Here is the sample of code I am executing:
(Get-View -Id $VMHost.ConfigManager.VirtualNicManager).QueryNetConfig('management').SelectedVnic
Response: management.key-vim.host.VirtualNic-vmk0
Here are the error details when running the code with different account.
PSMessageDetails :
Exception : System.Management.Automation.MethodInvocationException: Exception calling "QueryNetConfig" with "1" argument(s): "Permission
to perform this operation was denied." ---> VMware.Vim.VimException: Permission to perform this operation was denied. --->
System.ServiceModel.FaultException: Permission to perform this operation was denied.
Server stack trace:
at System.ServiceModel.Channels.ServiceChannel.HandleReply(ProxyOperationRuntime operation, ProxyRpc& rpc)
at System.ServiceModel.Channels.ServiceChannel.Call(String action, Boolean oneway, ProxyOperationRuntime operation,
Object[] ins, Object[] outs, TimeSpan timeout)
at System.ServiceModel.Channels.ServiceChannelProxy.InvokeService(IMethodCallMessage methodCall, ProxyOperationRuntime
operation)
at System.ServiceModel.Channels.ServiceChannelProxy.Invoke(IMessage message)
Exception rethrown at [0]:
at System.Runtime.Remoting.Proxies.RealProxy.HandleReturnMessage(IMessage reqMsg, IMessage retMsg)
at System.Runtime.Remoting.Proxies.RealProxy.PrivateInvoke(MessageData& msgData, Int32 type)
at VimApi_65.VimPortType.QueryNetConfig(QueryNetConfigRequest request)
at VMware.Vim.HostVirtualNicManager.QueryNetConfig(String nicType)
--- End of inner exception stack trace ---
at VMware.Vim.HostVirtualNicManager.QueryNetConfig(String nicType)
at CallSite.Target(Closure , CallSite , Object , String )
--- End of inner exception stack trace ---
at System.Management.Automation.ExceptionHandlingOps.ConvertToMethodInvocationException(Exception exception, Type
typeToThrow, String methodName, Int32 numArgs, MemberInfo memberInfo)
at CallSite.Target(Closure , CallSite , Object , String )
at System.Dynamic.UpdateDelegates.UpdateAndExecute2[T0,T1,TRet](CallSite site, T0 arg0, T1 arg1)

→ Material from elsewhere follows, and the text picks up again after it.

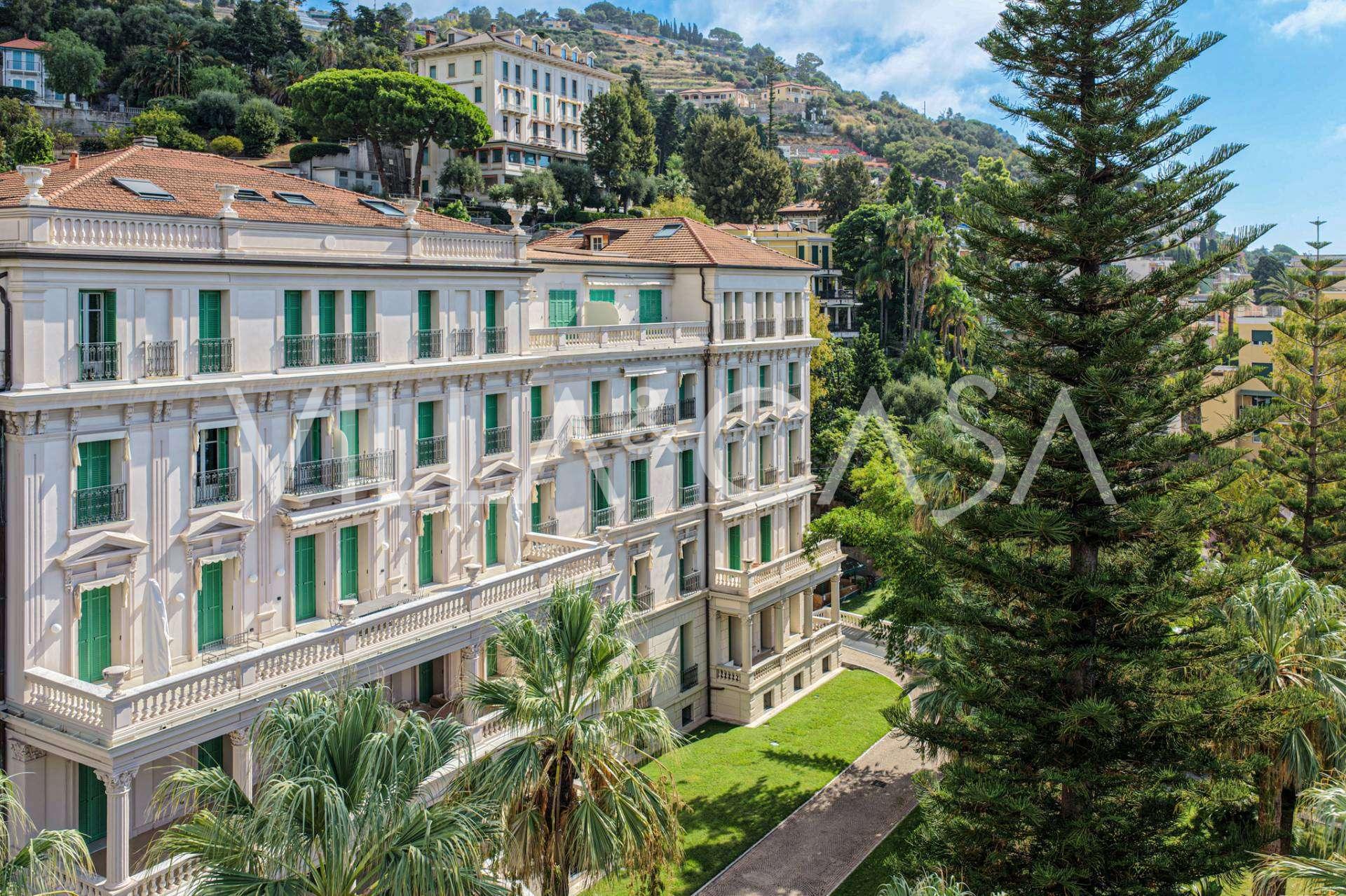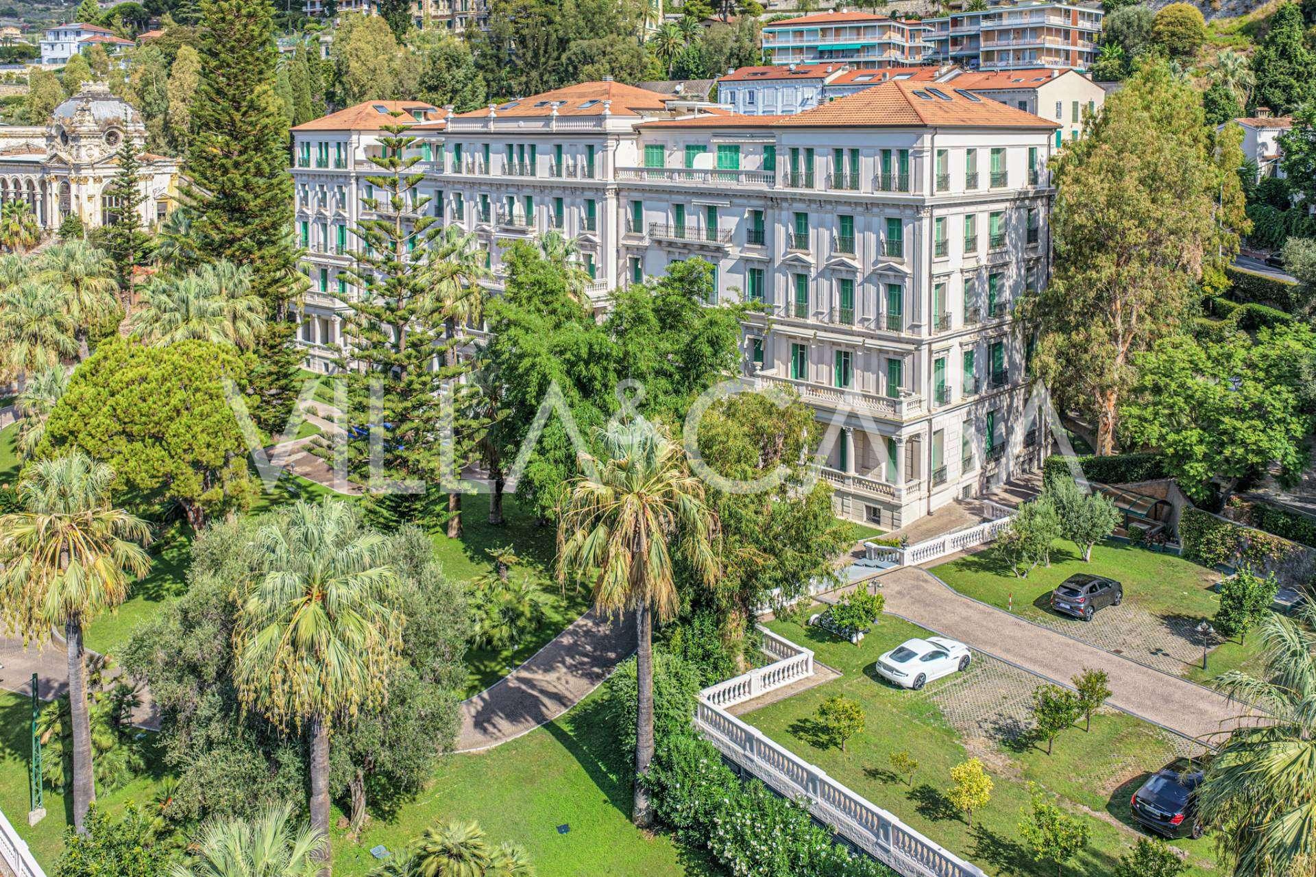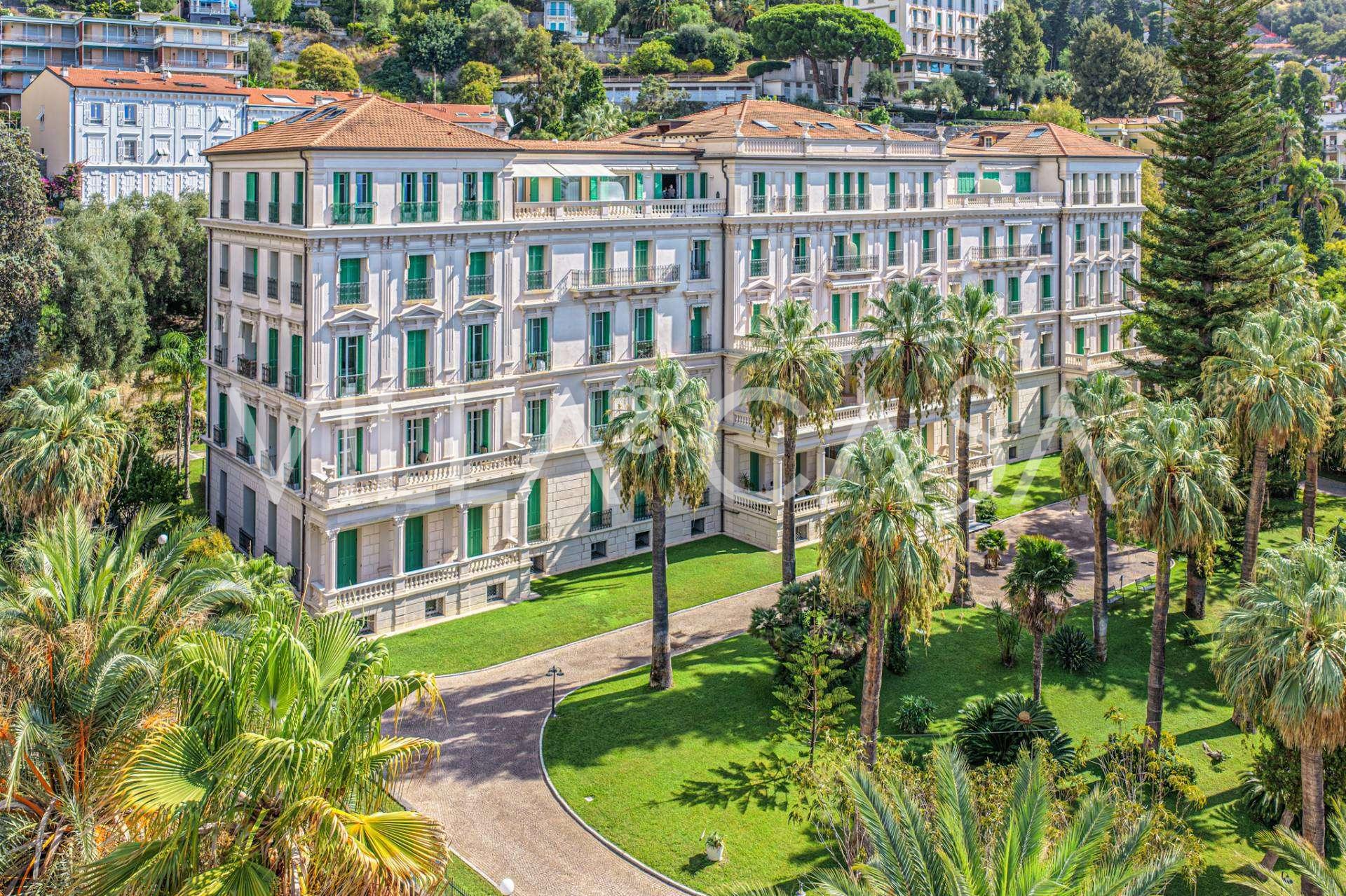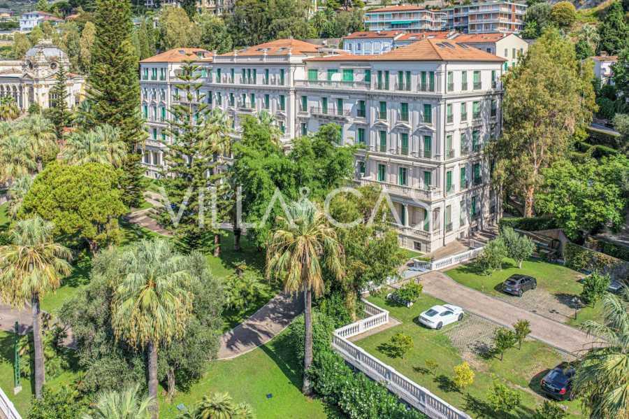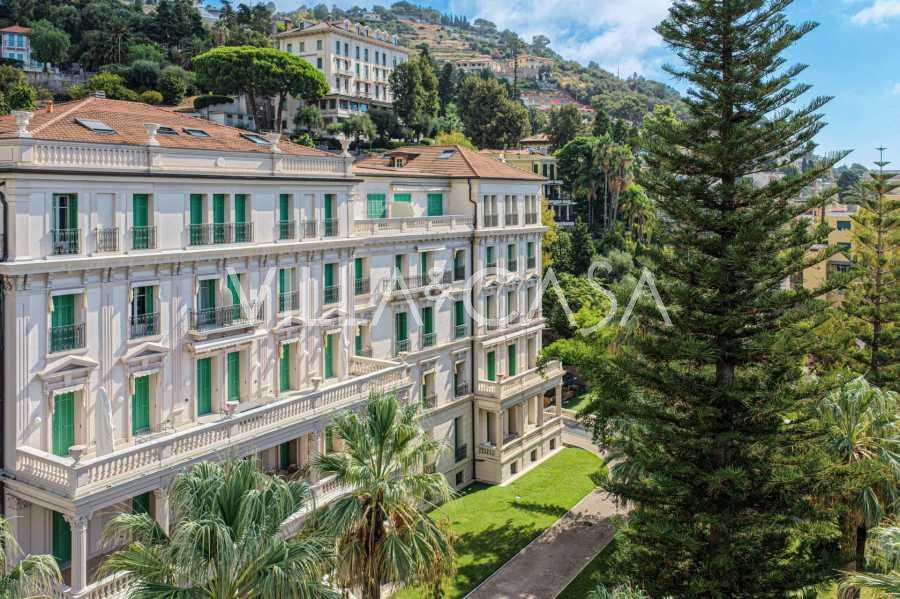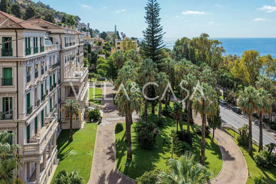 I hjertet av sjarmerende Ospedaletti, i det kjente boligkomplekset "REGINA", bygget på stedet til det tidligere "Grand Hotel de la Reine" og fullstendig renovert i 2007, tilbys en unik penthouse på 205 m2, som er et symbol på upåklagelig stil og komfort.

at System.Management.Automation.Interpreter.DynamicInstruction`3.Run(InterpretedFrame frame)
at System.Management.Automation.Interpreter.EnterTryCatchFinallyInstruction.Run(InterpretedFrame frame)
TargetObject :
CategoryInfo : NotSpecified: (:) [], MethodInvocationException
FullyQualifiedErrorId : VimException
ErrorDetails :
InvocationInfo : System.Management.Automation.InvocationInfo
ScriptStackTrace : at <ScriptBlock>, <No file>: line 1
PipelineIterationInfo : {}
Here are the version details.
C:\temp> get-module vmware* | Select Name, Version
Name Version
---- -------
C:\temp> $host
Name : ConsoleHost
Version : 5.1.16299.611
It is occurring on both ESXi 5.5 and 6.0 hosts.
Thanks for any help with this issue.
Just to make sure, can you run the following to check that the privileges for both accounts are indeed identical?
$esxName = 'MyEsx'
$account1 = 'account1'
$account2 = 'account2'
$vmHost = Get-View -ViewType HostSystem -Filter @{'Name'=$esxName} -Server $global:DefaultVIServer
$si = Get-View ServiceInstance -Server $global:DefaultVIServer
$authMgr = Get-View -Id $si.Content.AuthorizationManager -Server $global:DefaultVIServer
$p1 = $authMgr.FetchUserPrivilegeOnEntities($vmHost.MoRef,$account1)
$p2 = $authMgr.FetchUserPrivilegeOnEntities($vmHost.MoRef,$account2)
Compare-Object -ReferenceObject $p1[0].Privileges -DifferenceObject $p2[0].Privileges
Blog: lucd.info Twitter: @LucD22 Co-author PowerCLI Reference
Just to make sure, can you run the following to check that the privileges for both accounts are indeed identical?
$esxName = 'MyEsx'
$account1 = 'account1'
$account2 = 'account2'
$vmHost = Get-View -ViewType HostSystem -Filter @{'Name'=$esxName} -Server $global:DefaultVIServer
$si = Get-View ServiceInstance -Server $global:DefaultVIServer
$authMgr = Get-View -Id $si.Content.AuthorizationManager -Server $global:DefaultVIServer
$p1 = $authMgr.FetchUserPrivilegeOnEntities($vmHost.MoRef,$account1)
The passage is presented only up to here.